One of the purposes of Cub Scouts is to learn citizenship. And to learn about that, you need to know the rights and responsibilities of citizens.
I want my boys to grow up to be good citizens, and I'm not sure they can learn that without understanding a citizen's rights and duties.
You can make this requirement a bit more fun for the Scouts by making a “Good Citizen” Scout to show the rights and duties!
I used a roll of white 24″ wide art paper that I had.
I sketched an outline of a Scout onto the paper with pencil so that I could erase as needed. I then went over the image with a black Sharpie.
I drew the face on with markers. As you can see, I'm not an artist! 🙂
I colored the cap and taped it on the head.
You can download a copy of the cap at the bottom of this post.

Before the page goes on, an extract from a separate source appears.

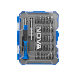 ست پیچگوشتی موبایلی نووا مدل 1328 یک مجموعه کاربردی و کامل برای کاربرانی است که نیاز به ابزار دقیق در تعمیرات موبایل، لوازم الکترونیکی و کارهای صنعتی سبک دارند. این ست شامل 32 عدد سری پرکاربرد در انواع چهارسو، دوسو، سهپر، ستارهای و آلن است که بهطور دقیق بر روی گل پیچها قرار گرفته و از گشتاور بالایی برخوردارند. بیتها از جنس فولاد کروم وانادیوم با سطح آبکاری و پولیششده ساخته شدهاند که دوام بالا و مقاومت در برابر زنگزدگی را تضمین میکند.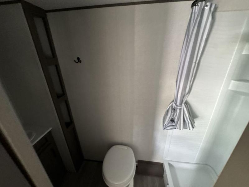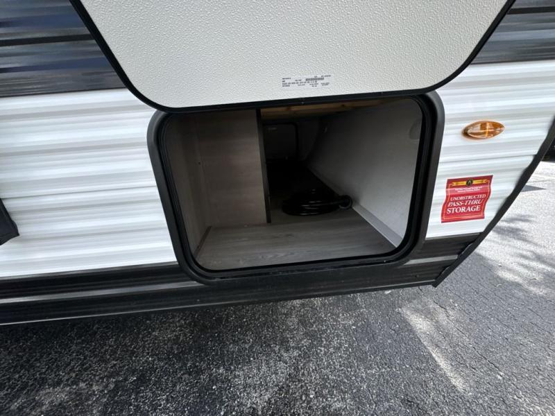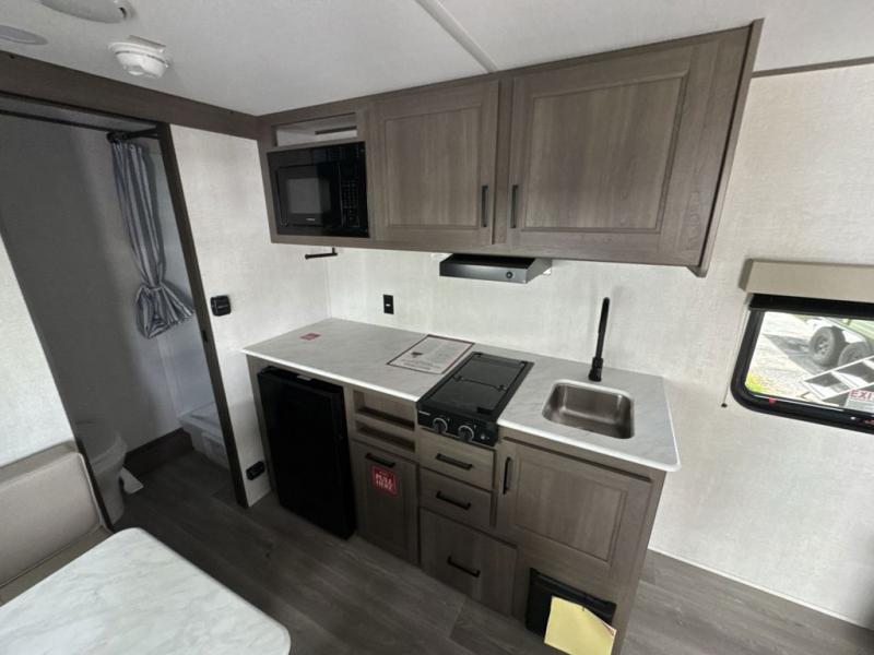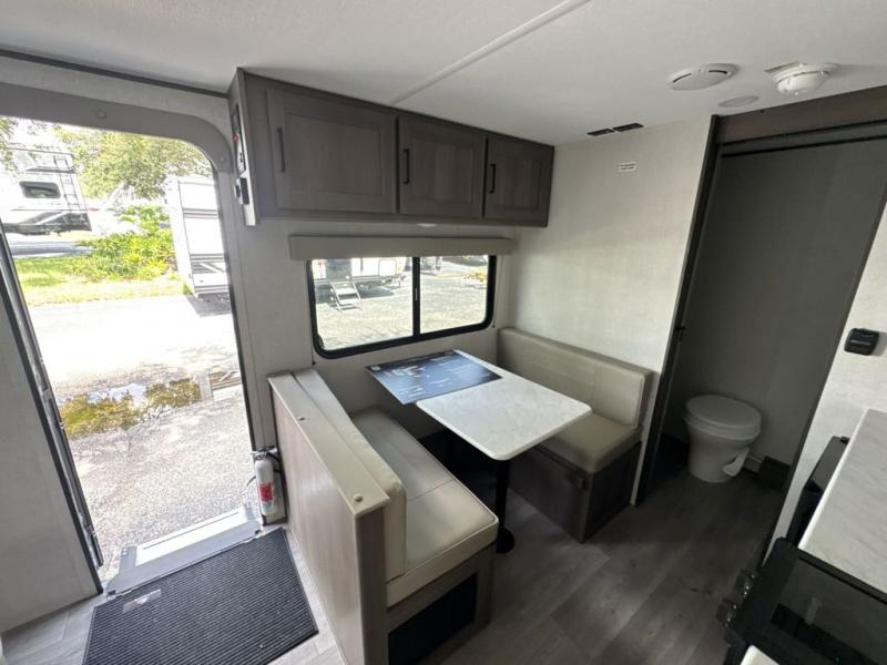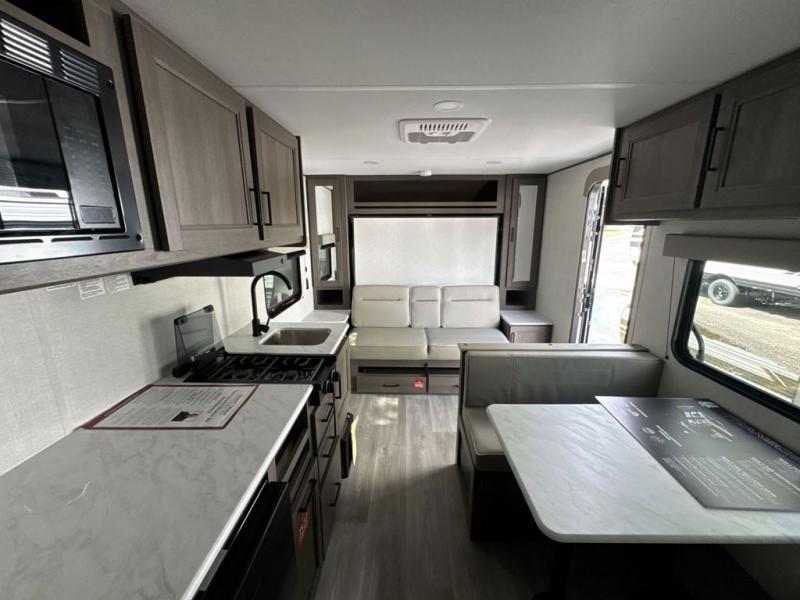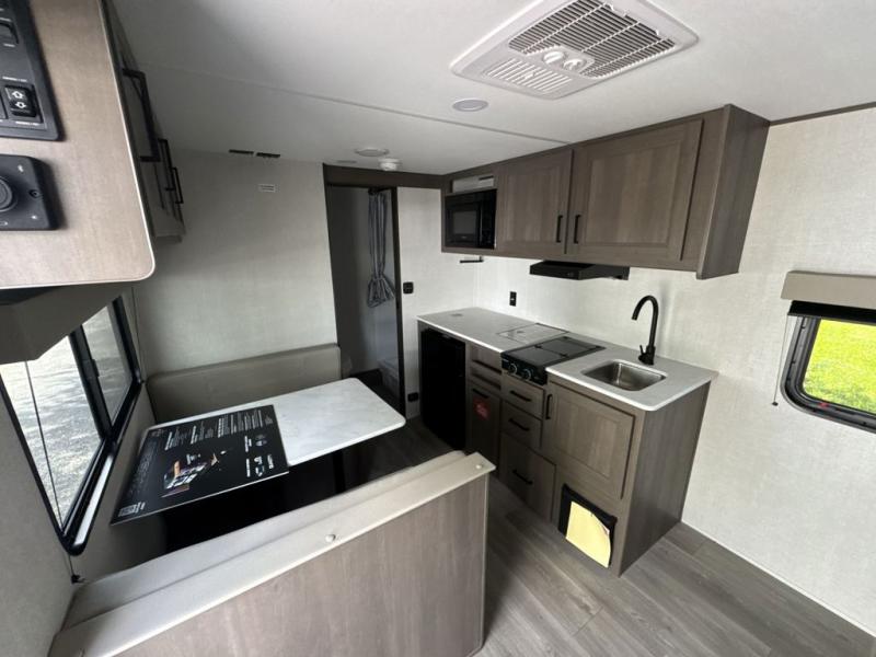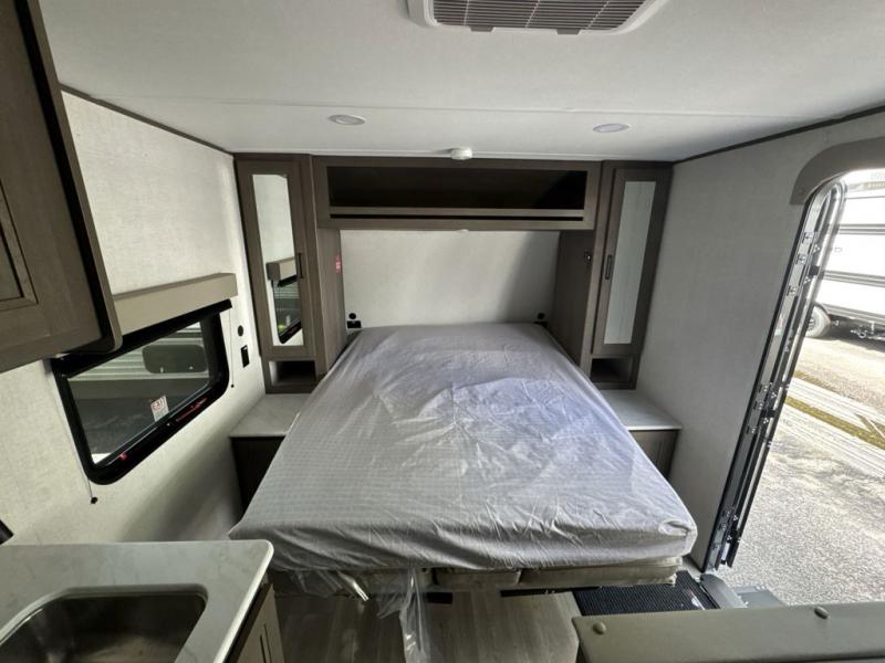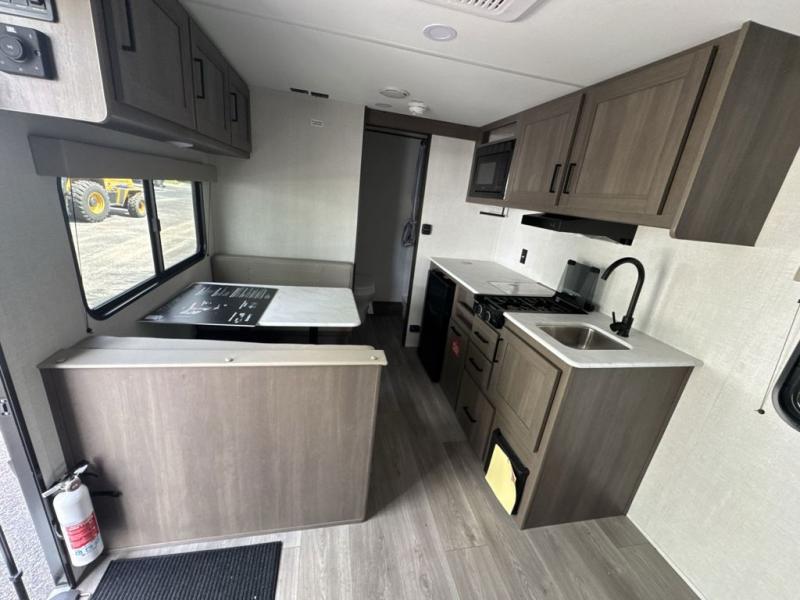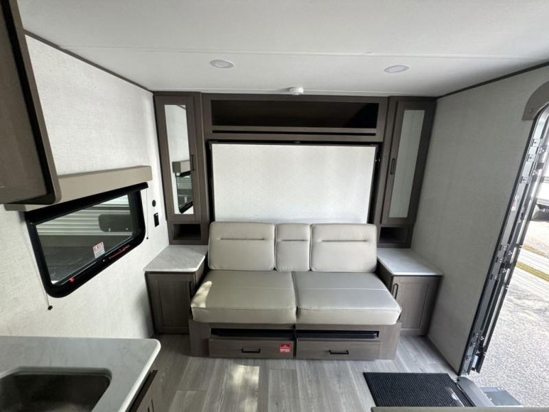 This is the perfect couple's trailer with versatile seating and sleeping space! You'll find a queen-size Murphy bed up front with storage space beside and above plus a full rear bath for added privacy. Once you've made lunch in the full kitchen, you can dine at the booth dinette or take your plate outdoors to sit under the 10' power awning. You'll also find pass-thru storage outside that will be perfect for fishing poles, lawn chairs, tools and more!

At this point, you can use your Good Citizen Scout as is or you can cut them out.
If you decide to cut it out and you have access to a large laminator, you can laminate them to make it a bit more sturdy.
During your meeting, give the Scouts several blank sticky notes of two different colors.
Ask them to write the rights of a good citizen on one color note and duties of a citizen on the other color.
You may need to prompt them, so here is a list to start the conversation:
Rights of a Citizen
- Freedom to express yourself
- Freedom to worship as you wish
- Right to a prompt, fair trial by jury
- Right to vote in elections for public officials
- Right to apply for federal employment requiring U.S. citizenship
- Right to run for elected office
- Freedom to pursue “life, liberty, and the pursuit of happiness”
Duties of a Citizen
- Support and defend the Constitution
- Stay informed of the issues affecting your community
- Participate in the democratic process
- Respect and obey federal, state, and local laws
- Respect the rights, beliefs, and opinions of others
- Participate in your local community
- Pay income and other taxes honestly, and on time, to federal, state, and local authorities
- Serve on a jury when called upon
- Defend the country if the need should arise
Have the Scouts stick their notes to the Good Citizen Scout. You could even have them give an example of a time when they demonstrated the trait they wrote.
What other ways will you use your Good Citizen Scout?